Anda di halaman 1dari 2

SITI KUSMARYENI

P17334113001
ANALIS KESEHATAN
POLTEKKES BANDUNG

KASUS :
Seorang wanita berusia 54 tahun, datang ke Poliklinik Kebidanan, diperiksa Gula darah sewaktu
hasilnya 206 mg/dL. Nilai rujukan untuk gula darah sewaktu yaitu kurang dari 200 mg/dl.
Bagaimana menurut saudara mengenai hasil tersebut, apakah layak dikeluarkan atau tidak? Bila
tidak layak apa yang harus dilakukan?
Jawaban :
Menurut saya, hasil tersebut sebaiknya jangan dikeluarkan dulu. Karena hasilnya melebihi dari
nilai rujukan. Adapun hal yang harus dilakukan yakni :
1. Memastikan bahwa alat untuk mengukur gula darah sewaktu telah di QC dan QC masuk.
Jika QC masuk maka tidak ada masalah dengan alat.
2. Memastikan bahwa sampel memenuhi syarat atau tidak, seperti apakah sampel tersebut
lisis atau tidak karena jika sampel lisis akan berbengaruh terhadap hasil yang
mengakibatkan hasil menjadi tinggi palsu.
3. Selain itu kita dapat mengkonfirmasi dengan pengirim sampel. Kita bisa menanyakan
apakah pasien tersebut memiliki riwayat penyakit diabetes atau tidak dan dapat
menanyakan apakah sebelumnya pasien mengkonsumsi sesuatu yang dapat menyebabkan
kadar gulanua meningkat.
Karena hasil gula darah sewaktunya melebihi nilai rujukan kemungkinan besar pasien memiliki
riwayat penyakit diabetes. Oleh karena itu sebaiknya kita melakukan pemeriksaan terhadap urin
pasien untuk melihat kadar glukosa dalam urinnya. Lalu dapat kita cocokkan hasil gula darah
sewaktu dengan glukosa dalam urin apakah cocok atau tidak. Bila didapat kadar glukosa dalam
urin melebihi 180 mg/dl menandakan bahwa kadarnya telah melewati batas nilai ambang ginjal.
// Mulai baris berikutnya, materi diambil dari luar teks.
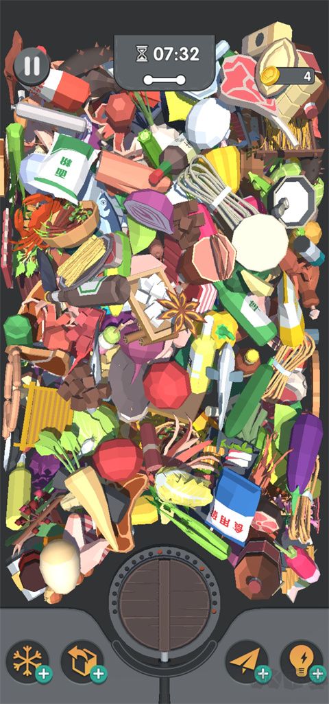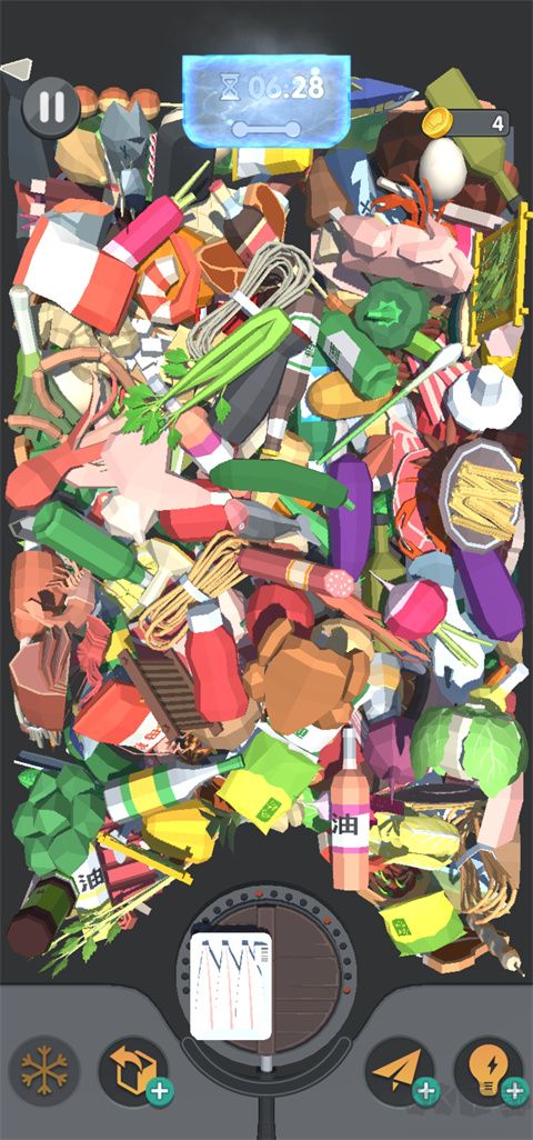 6、關(guān)卡設(shè)有時(shí)間限制,需在時(shí)長(zhǎng)內(nèi)完成所有物品消除,可使用道具輔助;

Bila kadar glukosa darah meningkat, filtrat glomerulus dapat mengandung lebih banyak glukosa
dari pada yang dapat direabsorbsi lalu kelebihan glukosa akan dikeluarkan melalui urin yang
akan mengakibatkan glikosuria. Sehingga kadar glukosa dalam urin akan meningkat (glukosa
positif). Jadi jika pemeriksaan kadar gula darah sewatu melebihi nilai rujukan maka harus
diiringin dengan pemeriksaan glukosa dalam urin yang hasilnya harus positif kadar glukosanya.
Hal-hal yang perlu diperhatikan :
a. Pra analitik
1. Cocokkan data pasien pada label dibawah wadah sampel dengan formulir
pemeriksaan, yaitu nama pasien, usia nomor CM, nomor Vans.
2. Perhatikan kondisi pasien, seperti gejala yang dialami, riwayat penyakit dan riwayat
pengobatan.
3. Perhatikan kondisi sampel memnuhi syarat atau tidak.
b. Analitik
1. Pastikan bahwa alat untuk mengukur gula darah sewaktu telah di QC dan QC masuk.
Jika QC masuk maka tidak ada masalah dengan alat.
c. Pasca analitik
1. Pastikan bahwa hasil dicatat pada pasien yang benar, karena kesalahan mencatat
mungkin terjadi.
2. Pastikan hasil pemeriksaan diinput dengan benar pada computer. Dicocokan kembali
dengan nama pasien, no CM, no Vans, dan data pasien lainnya.

Kesimpulan :
Hasil pemeriksaan tersebut jangan dikeluarkan, kita harus mencocokan antara hasil pemeriksaan
darah dengan urin saling berhubungan atau tidak. Apabila hasil dari kedua pemeriksaan tersebut
tidak cocok maka periksa kembali dengan sampel darah dan urin baru.